Patch and patch again to beat new wave of Trojans, says government

Banks have moved to strengthen their perimeter security following government warnings that businesses are at risk from a new wave of e-mail Trojans.

Banks have moved to strengthen their perimeter security following government warnings that businesses are at risk from a new wave of e-mail Trojans.

The Trojans are designed to surreptitiously gather economic and financial information from computer systems.

Officials from government body the National Infrastructure Security Co-ordination Centre met with security specialists from the major banks last week to advise on countermeasures.

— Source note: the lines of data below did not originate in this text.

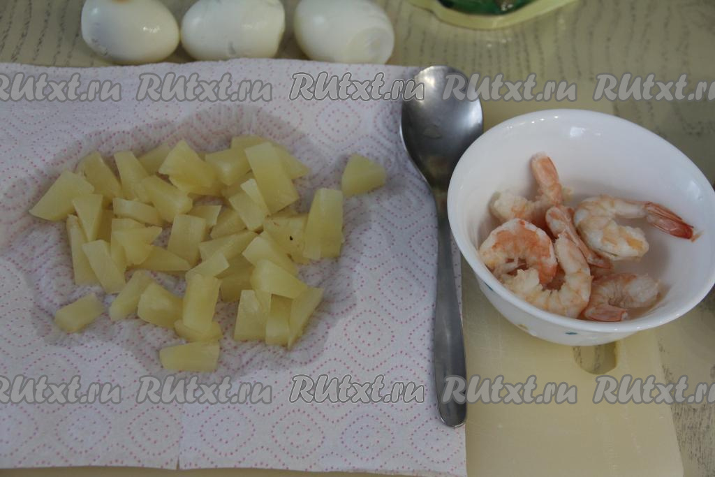 Консервированные ананасы выложить на салфетку, чтобы удалить излишки сока. Креветки откинуть на дуршлаг и остудить. Затем очистить креветки, удаляя голову, хвост и панцирь. 1 креветку я очистила, но оставила с хвостиком, эту креветочку я отложила в сторону и использовала для украшения салата.
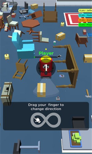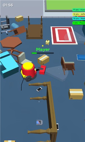 在狭小的空间中尽可能的收集更多的金币,不断解锁更多道具和装备,让自己的吸尘器变得越来越大。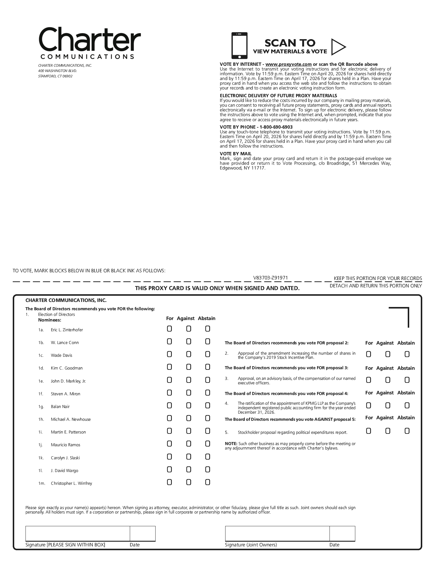 2025, approximately 28% of the total voting power of the issued and outstanding shares of Charter common stock in favor of the Certificate Amendment (as defined in the Transaction Agreement by and among the Company, Charter Holdings and Cox Enterprises, dated May 16, 2025 (the “Transaction Agreement”)) and the issuance of shares and units to Cox Enterprises as the Equity Consideration (as defined in the Transaction Agreement) and against any action or proposal in favor of any Columbus Acquisition Proposal (as defined in the Transaction Agreement) at any meeting of the stockholders of Charter called to vote upon such matters.
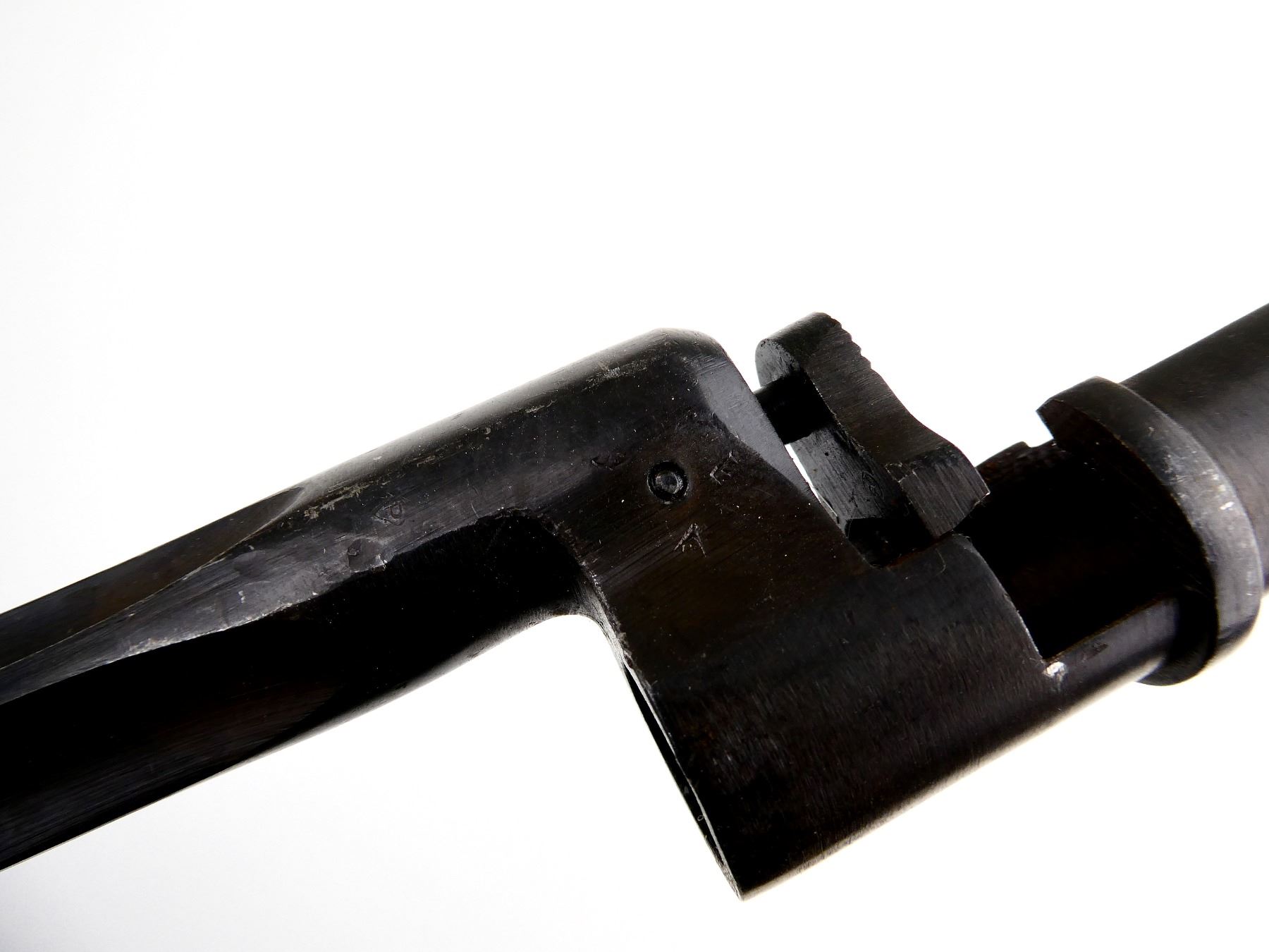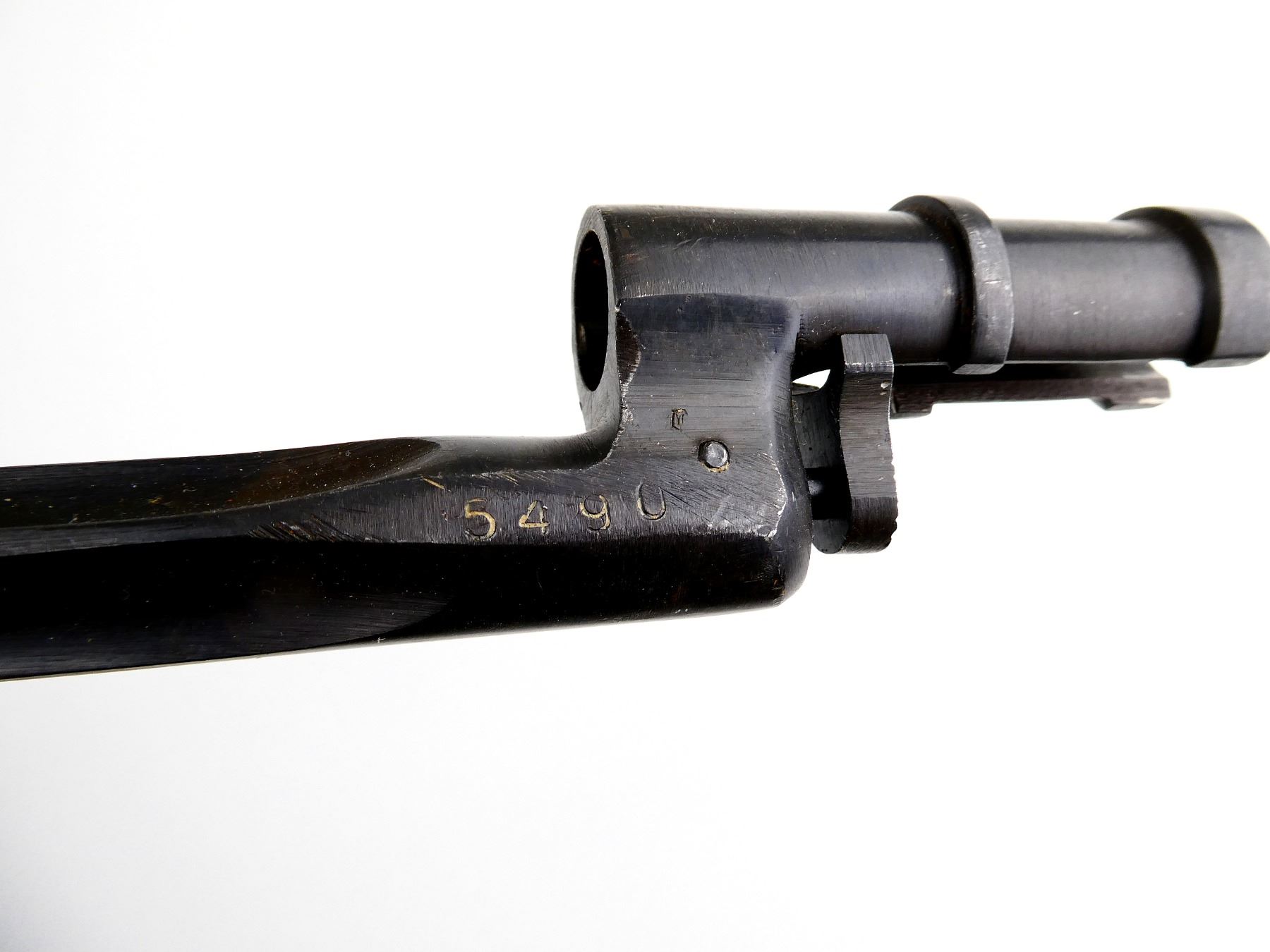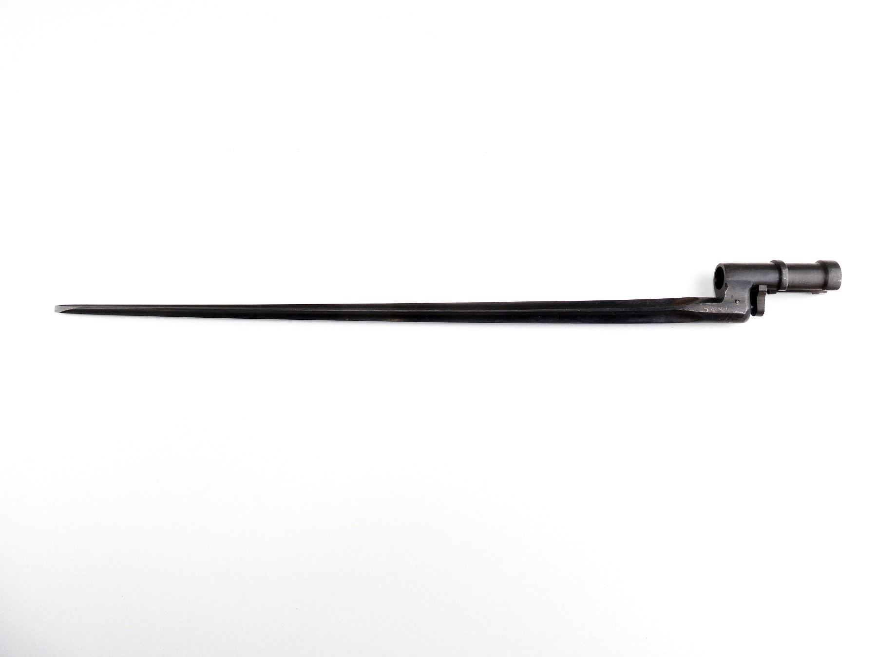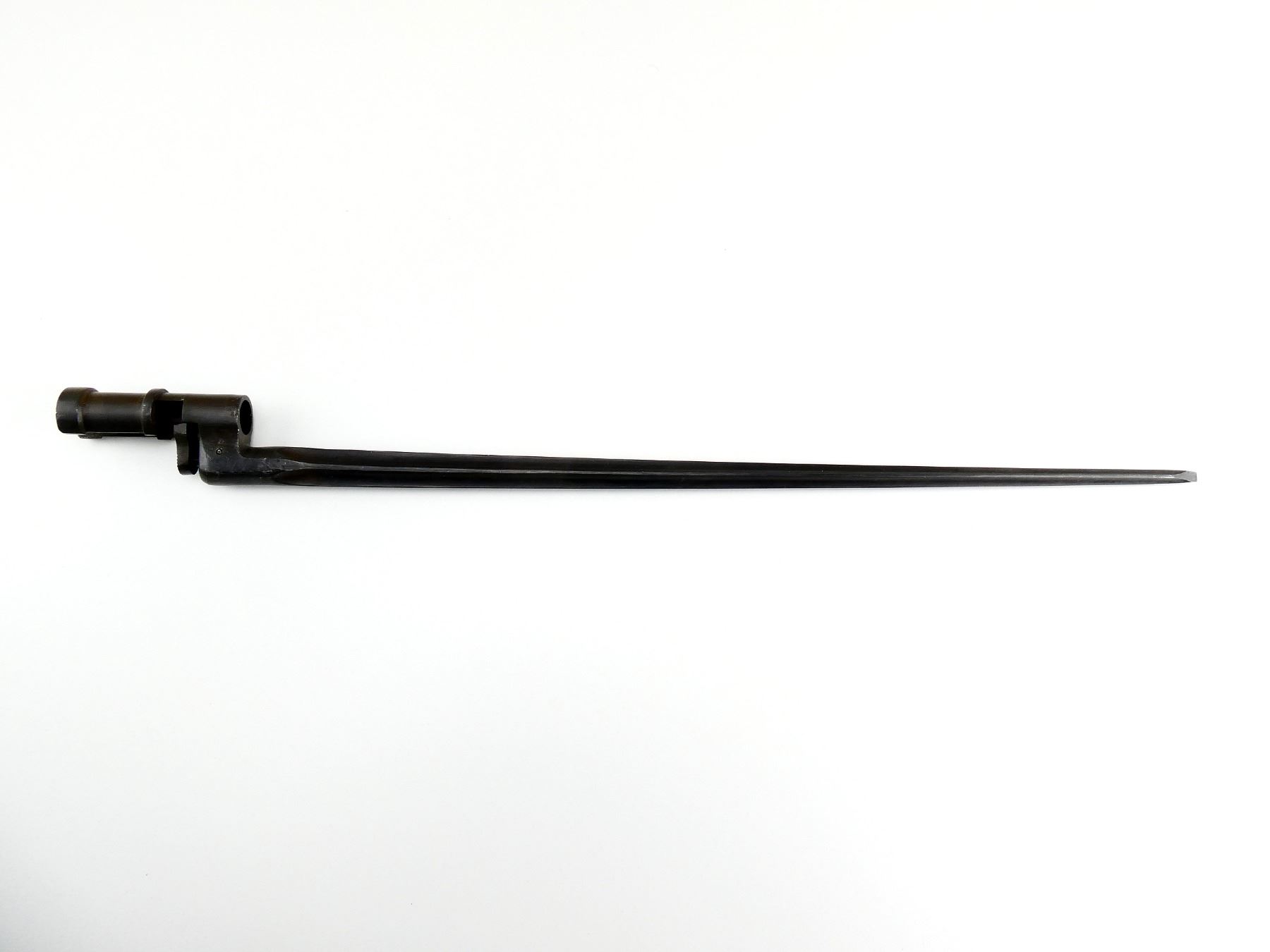 (1) FITS 7.62MM M1891/30 MOSIN NAGANT RIFLES, CRUCIFORM BLADE, BLUED STEEL, SOCKET MARKED: "5490" & OTHER FAINT PROOF MARKS, NO SCABBARD, BLADE APPROX. 17" & OAL APPROX. 19 7/8". SEE PHOTOS.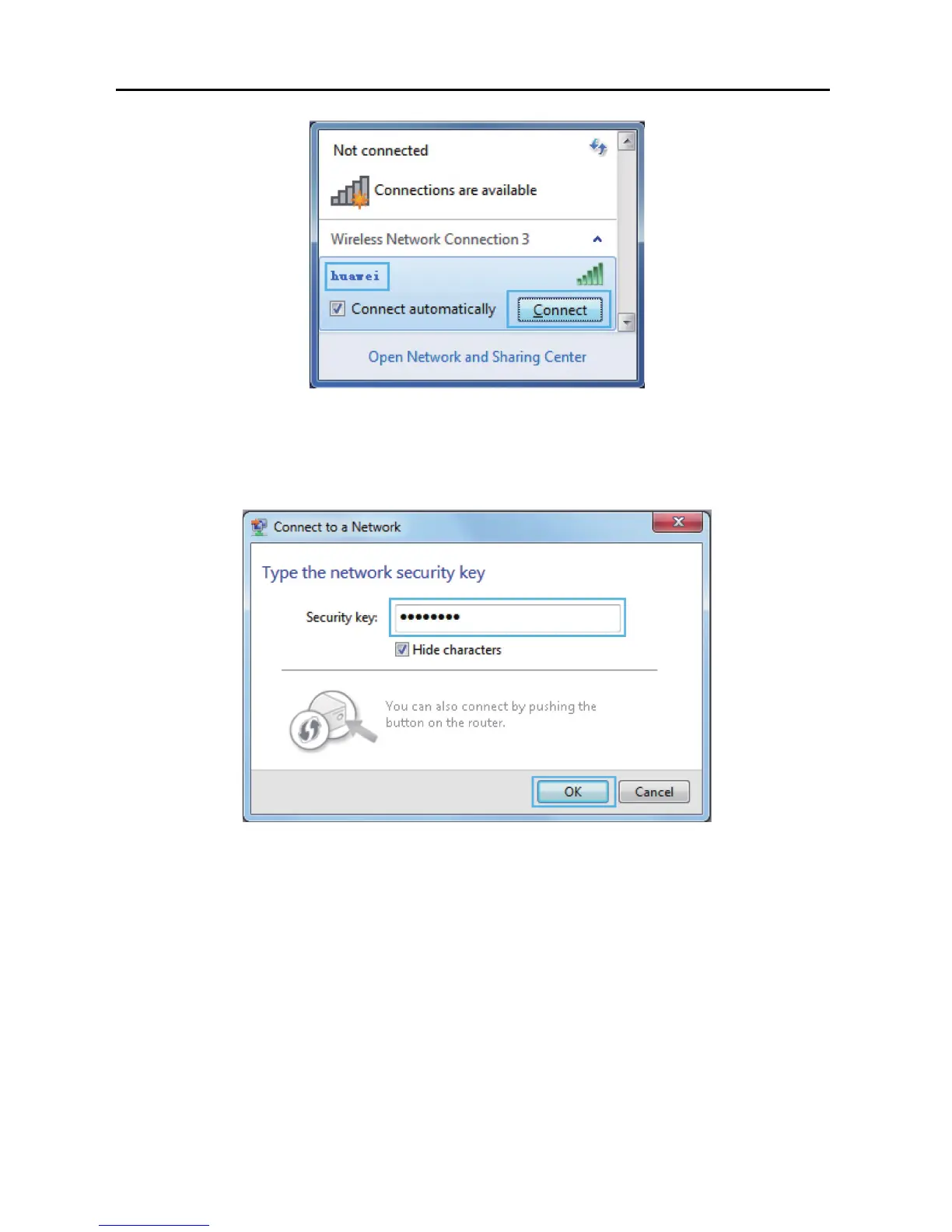 Step 3 In the displayed dialog box, enter the WLAN password and click OK.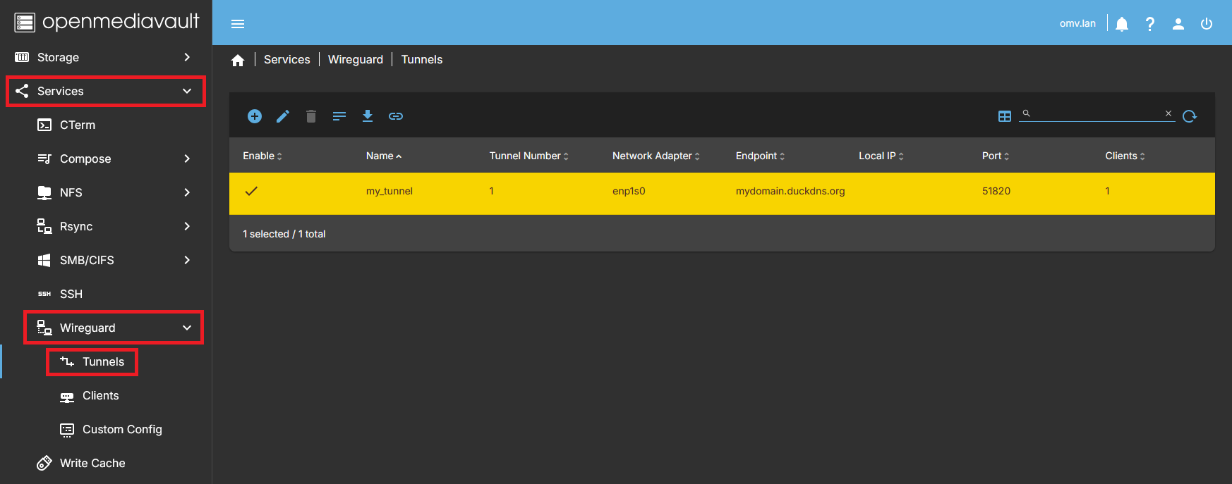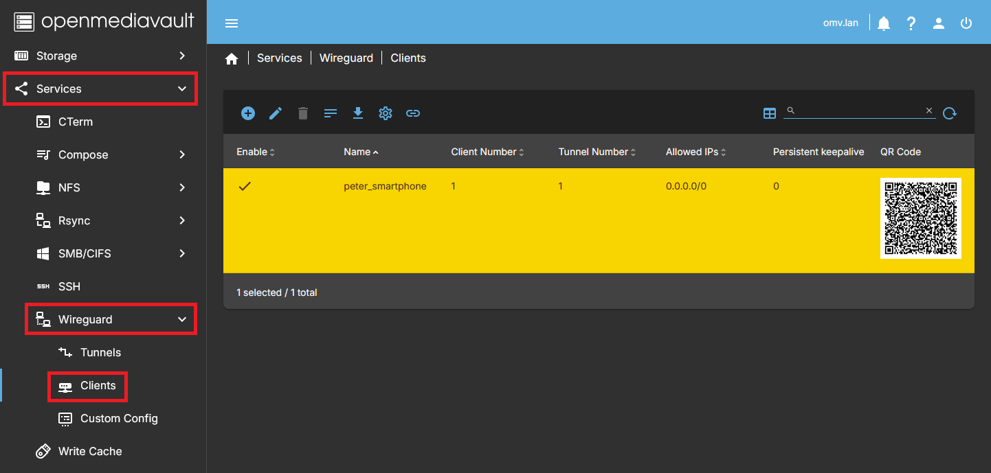 • The openmediavault-wireguard plugin integrates WireGuard into the OMV interface through the Tunnels and Clients tabs, allowing you to easily generate one or more encrypted point-to-site WireGuard VPN networks.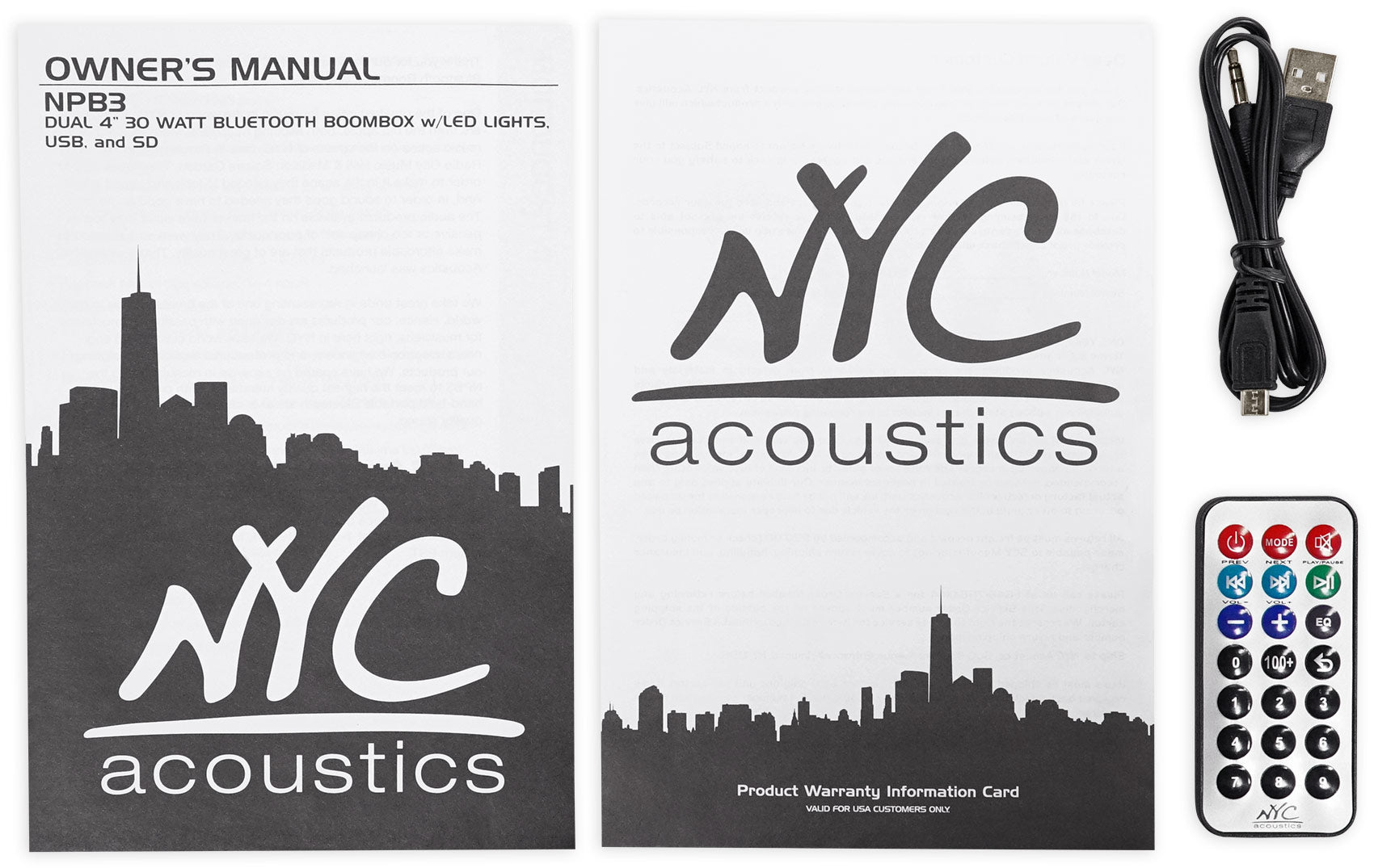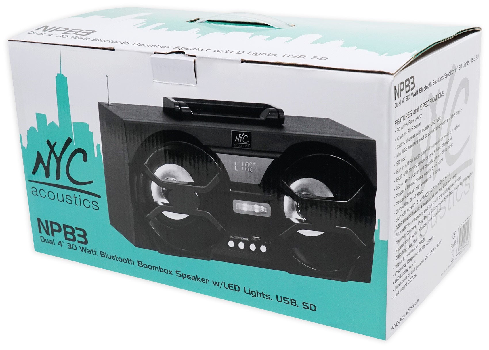 NYC Acoustics NPB3 Dual 4" 30w Bluetooth Boombox Speaker w/USB, SD, LED+Remote

Tom Salmond, IT security specialist at the Association of Payment Clearing Services, said, "It is not just the banking industry that is being targeted; it is any corporate that has access to information about IP or contracts that is targeted."

The attacks, which have been traced back to IP addresses in the Far East, are of an industrial scale, well organised and require a lot of resources, said Roger Cumming, director of NISCC.

"The attack is clearly not targeted at stealing money. It is aimed at gathering information. It is extremely well organised and requires quite a lot of resources to execute," he said.

NISCC called for concerted action by businesses in every sector to ensure they upgraded their anti-virus systems, downloaded the latest security patches and configured firewalls to block any unauthorised attempt to connect to their network.

The centre has mounted a behind the scenes programme to alert over 300 government and private sector organisations responsible for the UK's critical services to the risks. It has also worked with virus companies to ensure the Trojans are detected by anti-virus software.

"Our philosophy is that if everyone in the UK was to adopt our advice and install all the latest patches, that attack would not have any impact on UK plc," said Cumming.

Bank security chiefs are bolstering defences on their network and reminding staff about the dangers of opening suspicious e-mails.

"We are looking at how we can block this stuff at the perimeter. We are effectively doing content filtering," said one head of security.

"We are also being much more vigilant in terms of user awareness, particularly about opening unsolicited mail. Spoofing is an increasing threat," he added.

John Meakin, head of security at Standard Chartered Bank, said his bank was testing its intrusion detection systems, and vulnerability scanners.

"General good housekeeping would substantially mitigate the risks," he said.

The attackers have used a wide range of custom and existing Trojan software which has been modified in an attempt to evade anti-virus systems. The Trojans transmit information back across the internet, but specialists say the traffic is difficult to detect.